"Britney kalk artık."
"Britney kime diyorum?"
"Bu davranış asla bir hanımefendiye yakışmazdı."
"Kendinden utanmalısın Britney Wilson."
Sertçe kapanan kapı sesi.
Ohh be sonun da gitti. Tanrı aşkına bu kadın kafayı yemiş. Gerçekten hangi manyak çocuğunu uyanması gereken saatten 1,5 saat önce kaldırmaya çalışır ki? Bilmiyor musunuz ? Tabi ki benim çatlak terbiye takıntılısı annem.
Peki benim neden bu kadar erken kalktığımı merak ediyor musunuz? O zaman hemen söyleyeyim. Annemin demesine göre uyandıktan sonra 1 saat boyunca gözlerim şiş görünüyormuş ve ben insanlara sürekli uyuyan -halbuki sürekli uyurum- izlenimi vermemek için gözlerimin şişliği geçene kadar evde boş boş oturuyorum. Çok eğlenceli değil mi? Biliyorum.
Kapının kapalı olduğundan emin olduktan sonra zorla araladığım gözlerimi perdeleri sonuna kadar açılmış cama götürdüm. Bir kaç esneme hareketinden sonra yorganı da üzerimden tekmelememe rağmen hala yatakta bir o tarafa bir bu tarafa yuvarlanıyordum.
Ahh Brit annen senin bu halini görse ne kadar üzülürdü kim bilir...
Canın cehenneme iç ses bozuntusu.
Sonunda ayaklarımı soğuk -pekala çok soğuk- zemine basmayı başardığımda doğruca banyoya ilerleyip kısa bir duş aldım. Tekrar odama döndüğümde dolaptan pileli eteğimi - Size annemin terbiye takıntısı olduğunu söylemiştim ve bu çok rahatsız edici- beyaz bir tşört ve dizlerimin biraz üstünde biten hırkamı çıkardım. Saçlarımda ki havluyu bırakıp iç çamaşırlarımı ve uzun siyah çoraplarımı giydim. Tekrar giysilerime yöneldiğimde beklemeden onlarıda giyip ayna karşısına geçtim. Kumral saçlarım hafif nemliydi ama idare edebilirdim. Tarakla düzgün bir şekilde ortadan ikiye ayırıp örmeye başladım. Tıpkı annemin istediği gibi. Sonunda hazır olduğumda masadan gözlüklerimide alıp mutfağa indim. Yardımcımız Rose bana sıcak bir gülümseme vererek portakal suyumu doldurmaya başladı.

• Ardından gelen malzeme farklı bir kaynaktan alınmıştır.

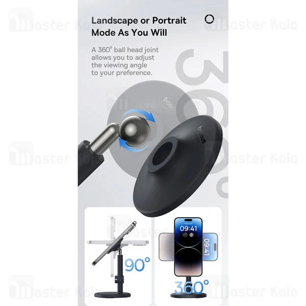 هولدر و پایه نگهدارنده رومیزی بیسوس BS-HP014 MagPro قابلیت تنظیم ارتفاع داشته و ارتفاع پایه آن در کمترین حالت 165میلی متر بوده و در بیشترین حالت 197 میلی متر خواهد بود.همچنین شما می توانید قسمت نگهدارنده را 90 درجه به بالا و پایین تنظیم کنید. همچنین میتوانید گوشی خود را در زاویه 360 درجه بچرخانید.

"Bugün biyoloji sınavın var Britney. Çalıştın değil mi?" Tek kaşı havada asılı kalarak sorduğu bu soruya başımı sallamakla yetindim.
"Yanlış Britney. Birisi sana bir şey sorduğunda evet yada hayır diyeceksin." Pekala sadece biraz daha dayanmalıyım. Sonrasında bütün gün boyunca yüzünü görmek zorunda kalmayacaktım.
"Üzgünüm anne. Evet çalıştım." Tatmin olmuş ifadesi yüzüne yayılırken bende bir an önce bu evden kurtulmanın yollarını arıyordum.
》》》
"Tanrı aşkına üzgünüm ama annen inanılmaz ve çekilmez bir kadın Brit. " İrice açtığı gözleriyle yüzümü incelerken sesli bir nefes verdim.
"Biliyorum Nora şunu her seferinde hatırlatma lütfen." Göğsüme bastırdığım kitaplarla biyoloji sınıfına ilerlerken aynı sınıfta olmamıza rahmen Nora birden koluma yapışarak sevimli yüz ifadesini takındı. " Brit... ee...şey" söylemek istediği şeyi anladığımda bıkkınlıkla başımı salladım. "Ne zaman benden kopya istemeyi bırakıp ders çalışacaksın merak ediyorum."
Nora uzun cümlemin altında yatan tamam onayını aldığında yanağıma sulu bir öpücük bıraktı.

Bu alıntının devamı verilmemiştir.